Phenocoder operates on a single SpatialData object that
bundles the intensity images, the segmentation label masks and a per-object feature table. The
example below runs the full pipeline end to end and mirrors the integration test in
tests/test_workflow.py (the SpatialData object it uses is built in tests/conftest.py).
Tip
A complete, runnable version of this walkthrough is provided as
examples/example_workflow.py.
It executes the entire pipeline on the small example dataset bundled with the repository
(tests/data/3d/), so you can run it directly without downloading any external data:
python examples/example_workflow.py
Input data¶
The starting point is the output of a typical microscopy segmentation pipeline. In the bundled
3D test dataset (tests/data/3d/) that is three kinds of file, organised per sample (here a
microtiter-plate well, e.g. A06, G04, H03):
Input |
Location |
Format |
Description |
|---|---|---|---|
Intensity images |
|
image data, one per z-slice per channel |
Raw microscopy signal. 4 channels ( |
Label masks |
|
image data, one per z-slice |
Integer segmentation masks where each object (nucleus) has a unique label id, matching the |
Feature table |
|
tabular data, one per z-slice |
Per-object regionprops-style measurements. Columns: |
You do not need this exact on-disk layout — Phenocoder only cares about the assembled
SpatialData object described next. Any pipeline (e.g. regionprops on a 3D label image, a
CellProfiler export, …) that can produce per-object measurements plus the matching image and
label arrays will work.
Building the SpatialData object¶
Phenocoder locates data in the SpatialData object through the constructor keys (image_key,
table_key, sample_key) plus the spatial coordinates stored in the table’s .obsm:
Images keyed
f"{image_key}_{sample}"(e.g.IF_A06) — anImage3DModelwith shape(c, z, y, x). Patch extraction reads the image arrays directly from here.A table keyed
table_key(e.g.nuclei_features) — anAnnDatawhose.obscarries the per-object metadata (including thesample_keycolumn) and whose.obsmcarries the spatial coordinates. This drives the whole workflow: one row per object.Spatial coordinates in the table’s
.obsm:spatial— float(y, x, z)physical coordinates, used for the neighbourhood graph.spatial_index— integer(y, x, z)coordinates, used to index into the image arrays when extracting patches (this is thespatial_key_indexpassed togenerate_dataset/encode).
Label masks keyed
f"nuclei_{sample}"— aLabels3DModelwith shape(z, y, x). These are how the objects are defined and how the feature table is produced upstream; each object’slabelid is stored in the table asinstance_key(instance_id) and linked via the SpatialDataregionmetadata. Phenocoder’s patch extraction itself indexes the images by coordinate rather than reading the label arrays, but including the labels keeps the object a well-formed, self-describingSpatialData.

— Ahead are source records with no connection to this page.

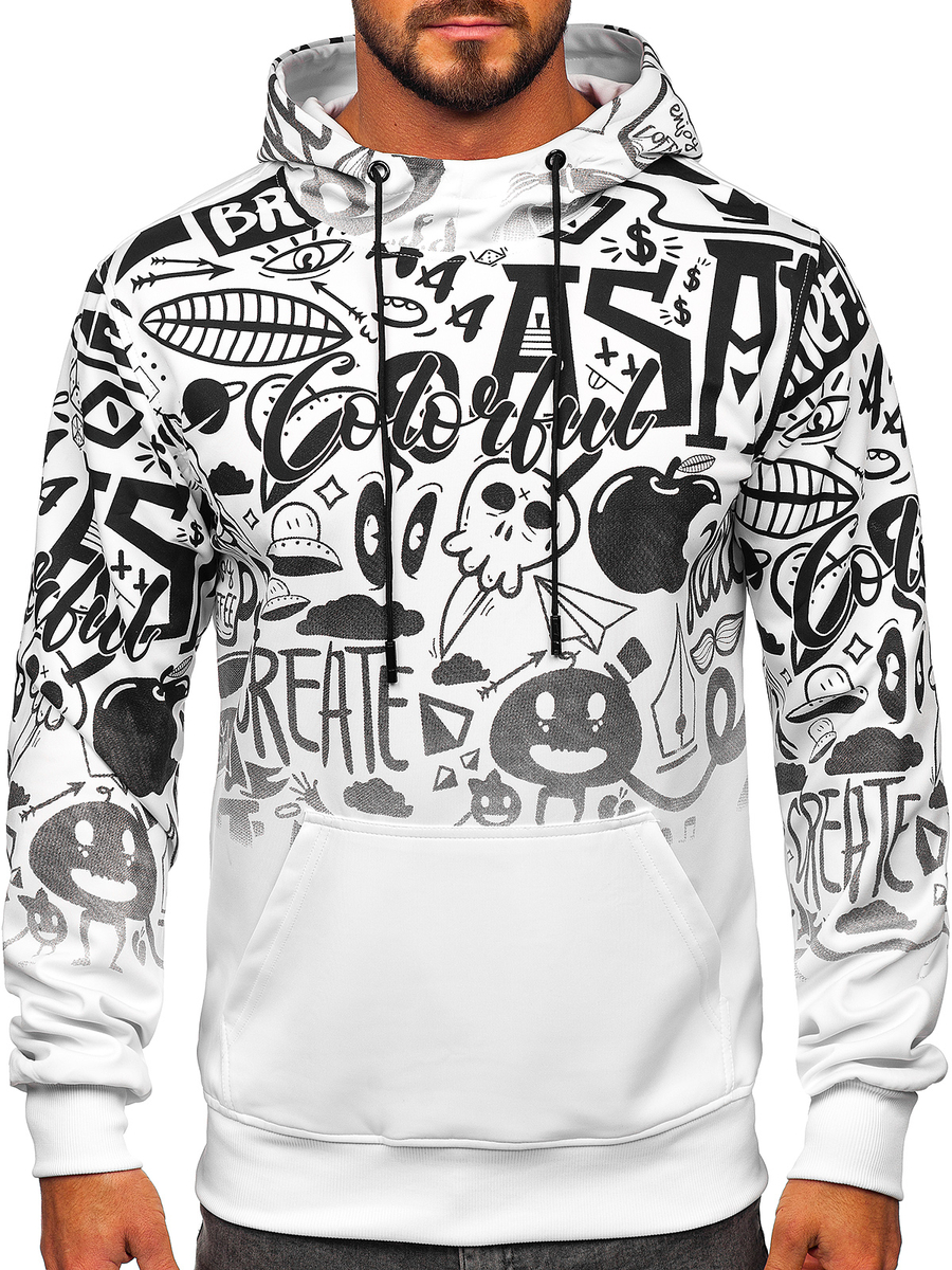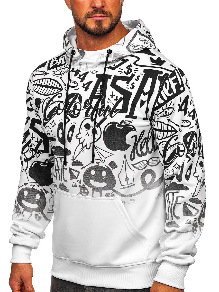 Αξιολογήσεις χρηστών για το Λευκή ανδρική μπλούζα με κουκούλα kangaroo με στάμπα Bolf 8B995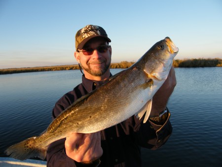 Captain Bill Lake with Bayou Guide Service (985-637-3712) didn’t get on the water until about 3:00 p.m. yesterday afternoon. Within an hour and a half, he and his customers had put 50 trout in the boat. Excited to get back this morning, he found the water had dropped 10 degrees, but that’s the way it is around DuLarge this month.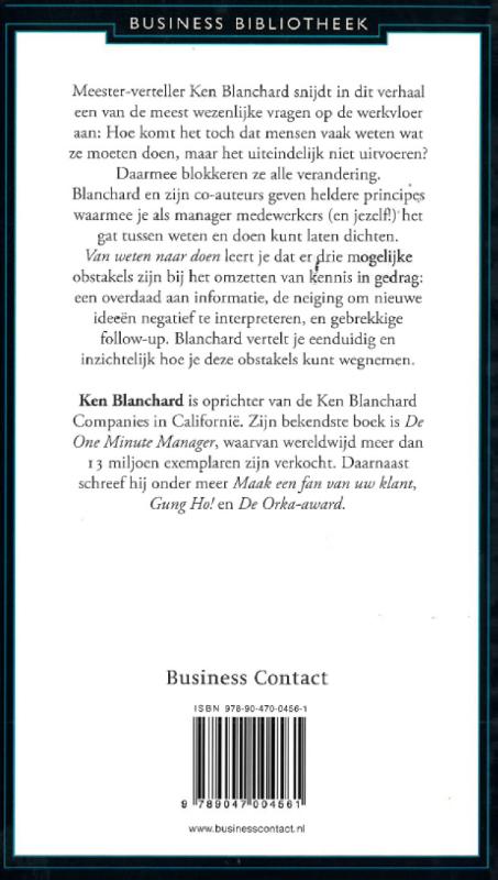Van weten naar doen leert je dat er drie mogelijke obstakels zijn bij het omzetten van kennis in gedrag: een overdaad aan informatie, de neiging om nieuwe ideeën negatief te interpreteren, en gebrekkige follow-up. Blanchard vertelt je eenduidig en inzichtelijk hoe je deze obstakels kunt wegnemen.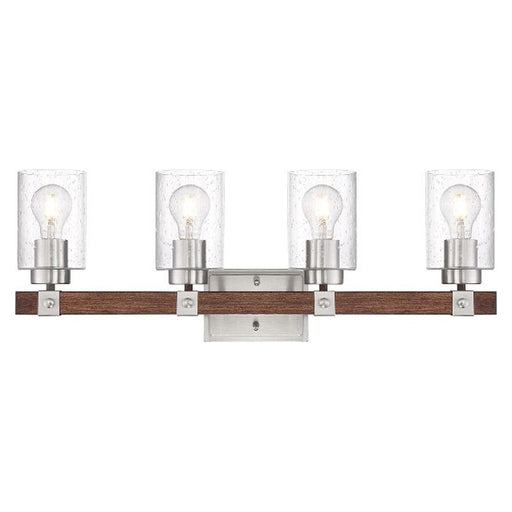 NuvoFeatures Finish: Brushed Nickel / Nutmeg Wood Material: Steel, Glass, Wood Shade: Clear Seeded Glass Voltage: 120V Dimensions: 28.25" W x 10" H...

The table’s AnnData is split so that the learned/analysed features live in X and the
descriptive morphometrics + keys live in .obs. The snippet below is the essence of the
example_3d() fixture in tests/conftest.py (per-slice tables concatenated, aggregated per
object, then packed into a SpatialData):
import anndata as ad
import numpy as np
import pandas as pd
import spatialdata as sd
from skimage import io
# 1. Assemble the per-object table (AnnData) --------------------------------
# (here: concatenate the per-slice CSVs and average per object)
df = pd.concat([pd.read_csv(f) for f in table_files])

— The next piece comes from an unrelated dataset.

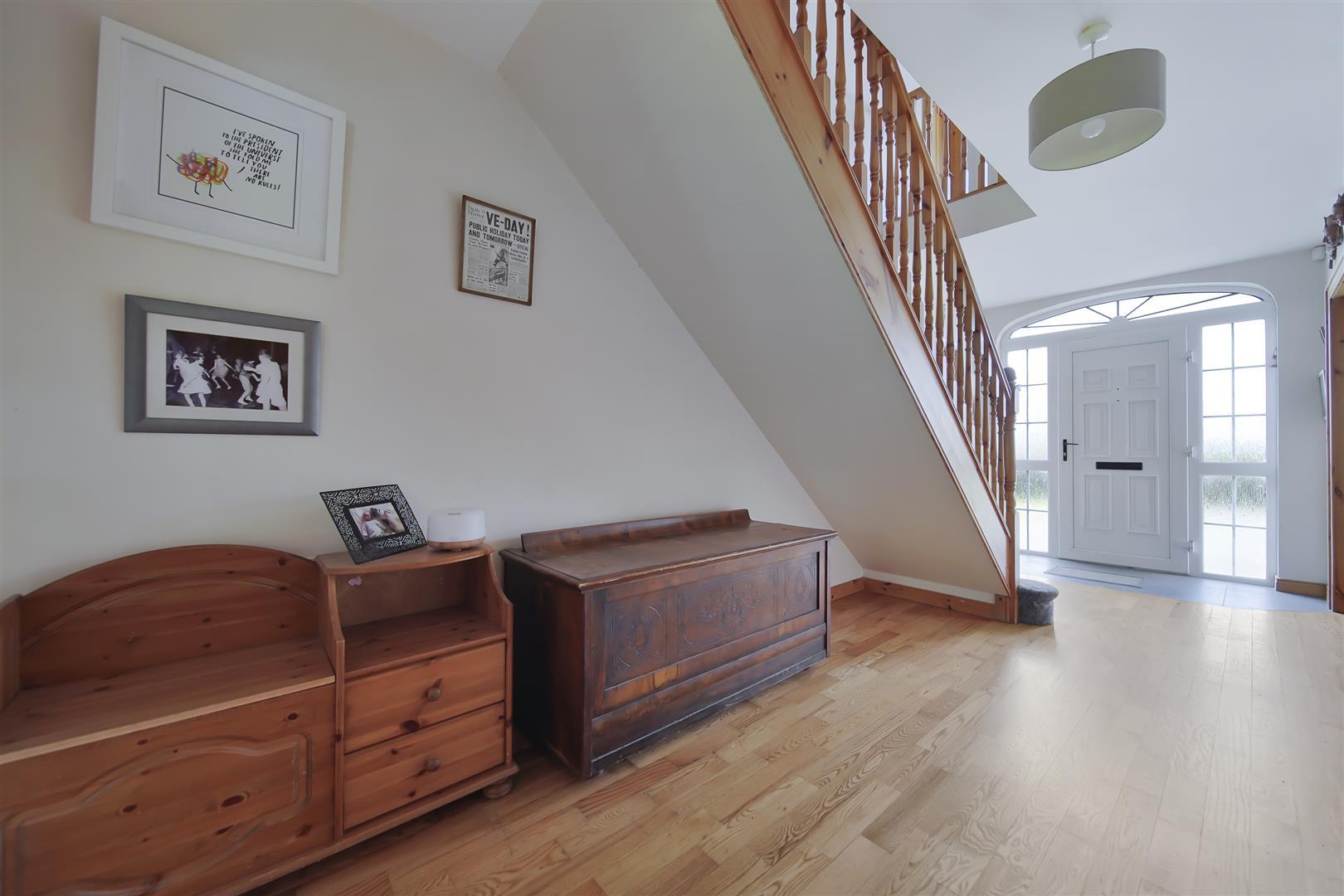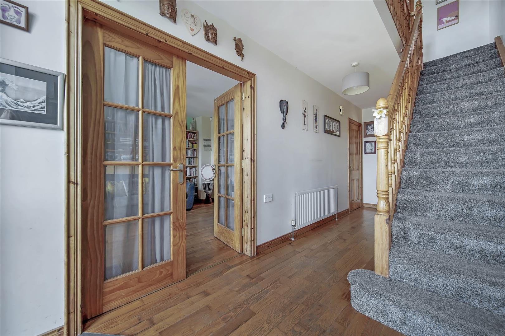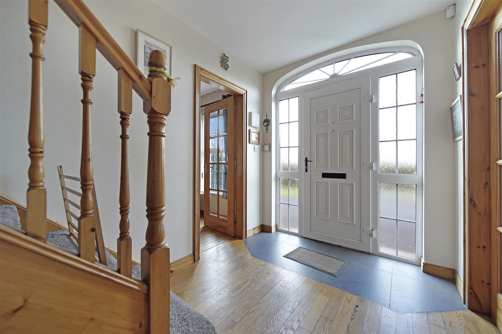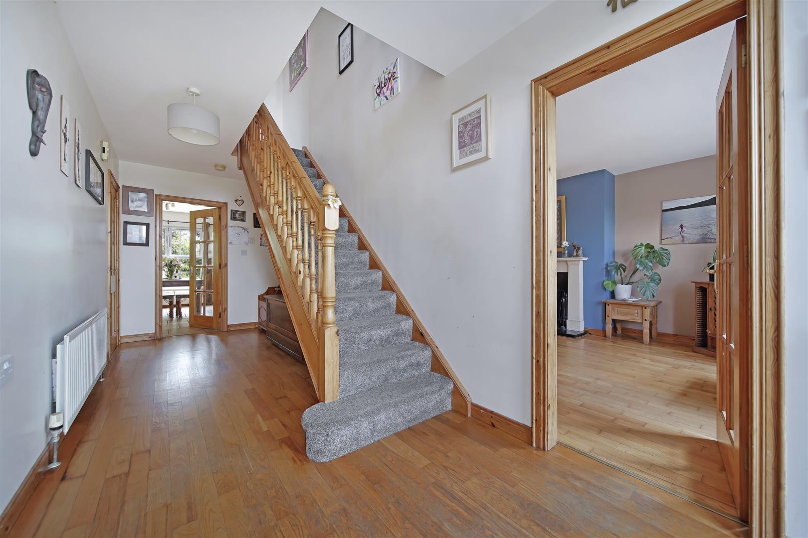 P.V.C. exterior door with double glazed side panels and fan light. Tiled entrance hall. Wooden floor. Pine balustrade staircase, carpeted. Telephone and power points.

df = df.groupby(["label", "well"]).mean().reset_index()
# obs = descriptive metadata + keys; X = feature matrix
features_obs = [
"area", "eccentricity", "major_axis_length", "minor_axis_length",
"centroid-0", "centroid-1", "z_stack", "well",
]
features_X = [c for c in df.columns if c not in features_obs]

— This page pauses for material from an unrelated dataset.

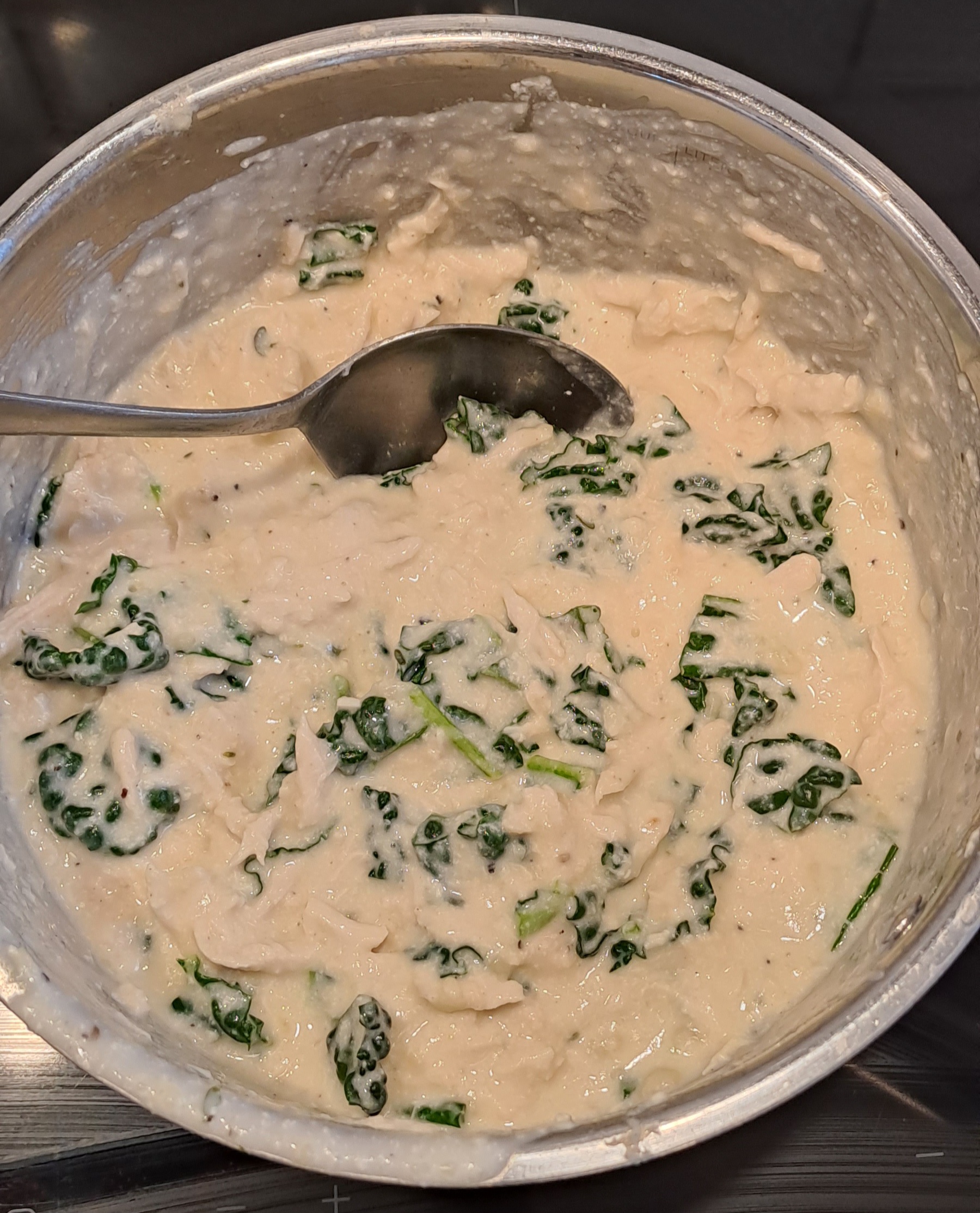 Remove a ladle of the cream sauce and set aside until assembling the lasagne.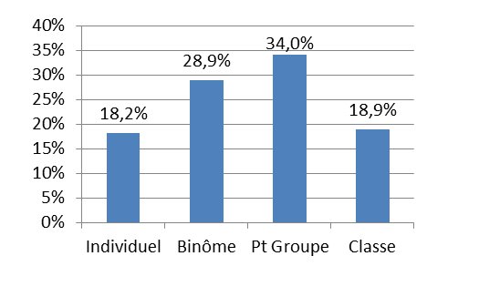 La figure 10 de la question Q13 montre qu’apparemment les pratiques coopératives, en petit groupe (34%) et en binôme (28,9%), sont beaucoup plus utilisées dans l’étude des simulations. Les modes individuel et classe affichent pratiquement le même pourcentage (environ 18,5%) et ne sont pas négligeables.

adata = ad.AnnData(X=df[features_X], obs=df[features_obs])
# Spatial coordinates in obsm
adata.obsm["spatial"] = adata.obs[["centroid-0", "centroid-1", "z_stack"]].values
adata.obsm["spatial_index"] = (
adata.obs[["centroid-0", "centroid-1", "z_init"]].values.astype(int)
)
# Keys SpatialData needs to link the table to the labels
adata.obs["instance_id"] = adata.obs.index.astype(int) # matches label ids
adata.obs["region"] = "nuclei"
# 2. Build the per-sample image and label models ---------------------------
images_dict, labels_dict = {}, {}
for well in adata.obs["well"].unique():
# imgs: array of shape (channels, z, y, x) for this well
imgs = load_channel_zstacks(well) # your loader (see conftest.py)
imgs_label = load_label_zstack(well) # (z, y, x)
images_dict[f"IF_{well}"] = sd.models.Image3DModel.parse(
imgs, c_coords=["C01", "C02", "C03", "C04"]
)
# optional 2D maximum-intensity projection, handy for plotting
images_dict[f"IF_MIP_{well}"] = sd.models.Image2DModel.parse(
imgs.max(axis=1), c_coords=["C01", "C02", "C03", "C04"]
)
labels_dict[f"nuclei_{well}"] = sd.models.Labels3DModel.parse(imgs_label)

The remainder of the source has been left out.